Exhibit 16(5): Opinion as to Legality
VOYA LETTERHEAD
LAW / PRODUCT FILING UNIT
ONE ORANGE WAY, C2S
WINDSOR, CT 06095-4774
PETER M. SCAVONGELLI
ASSISTANT VICE PRESIDENT AND SENIOR COUNSEL
PHONE: (860) 580-1631 | EMAIL: PETER.SCAVONGELLI@VOYA.COM
April 2, 2021
BY EDGARLINK
U.S. Securities and Exchange Commission
100 F Street, NE
Washington, DC 20549
Re: Registrant: Voya Retirement Insurance and Annuity Company
Form S-3 Initial Registration
Prospectus Title: Voya Multi-Rate Annuity
Ladies and Gentlemen:
The undersigned serves as counsel to Voya Retirement Insurance and Annuity Company, a Connecticut domiciled corporation (the “Company”).
In connection with this opinion, I have reviewed the above-referenced Initial Registration Statement on Form S-3. This filing describes the Voya Multi-Rate Annuity group or individual, single purchase payment, modified guaranteed deferred annuity contract (the “Contract”) offered by the Company.

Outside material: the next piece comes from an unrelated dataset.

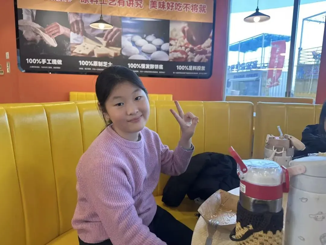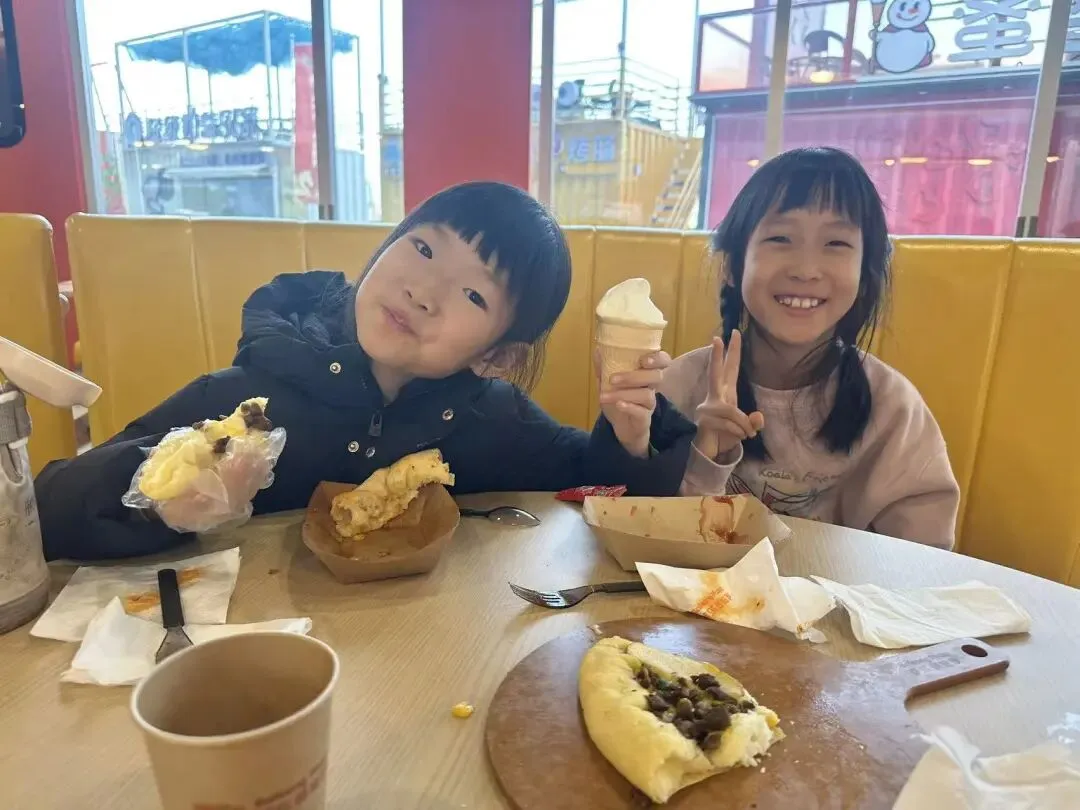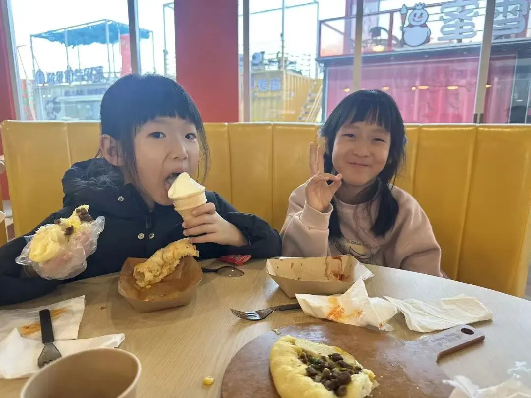 玩闹半晌,仨娃的小肚子咕咕叫,妈妈牵着他们往海信广场旁的海鲜小馆走,挑了临窗的位置,抬眼就能望见海边的摩天轮。点了仨娃爱吃的虾仁蒸蛋、炸虾仁,还有鲜美的蛤蜊豆腐汤,配着暄软的小馒头。老大乖乖帮妹妹们摆好勺子,筷子,老二扒着碗边等蒸蛋,还踮着脚指着窗外的摩天轮,嘴里还念叨“摩天轮🎡摩天轮”饭菜上桌,热气裹着鲜香散开,仨娃捧着碗吃得香甜,妈妈笑着用纸巾擦去,窗外是碧海海鸥,窗内是烟火暖意,简单的一餐,满是温馨。

I have also examined, or supervised the examination of, originals or copies, certified or otherwise identified to my satisfaction, of such documents, trust records and other instruments I have deemed necessary or appropriate for the purpose of rendering this opinion. For purposes of such examination, I have assumed the genuineness of all signatures on original documents and the conformity to the original of all copies. On the basis of this examination, it is my opinion that:
1. The Company was organized in accordance with the laws of the State of Connecticut and is a duly authorized stock life insurance company under the laws of Connecticut and the laws of those states in which the Company is admitted to do business;
2. The Company is authorized to issue Contracts in those states in which it is admitted and upon compliance with applicable local law;
3. The Contracts, when issued in accordance with the prospectus contained in the aforesaid registration statement and upon compliance with applicable local law, will be legal and binding obligations of the Company in accordance with their terms;
4. The interests in the Contracts will, when issued and sold in the manner described in the registration statement, be legal and binding obligations of the Company and will be legally and validly issued, fully paid, and non-assessable.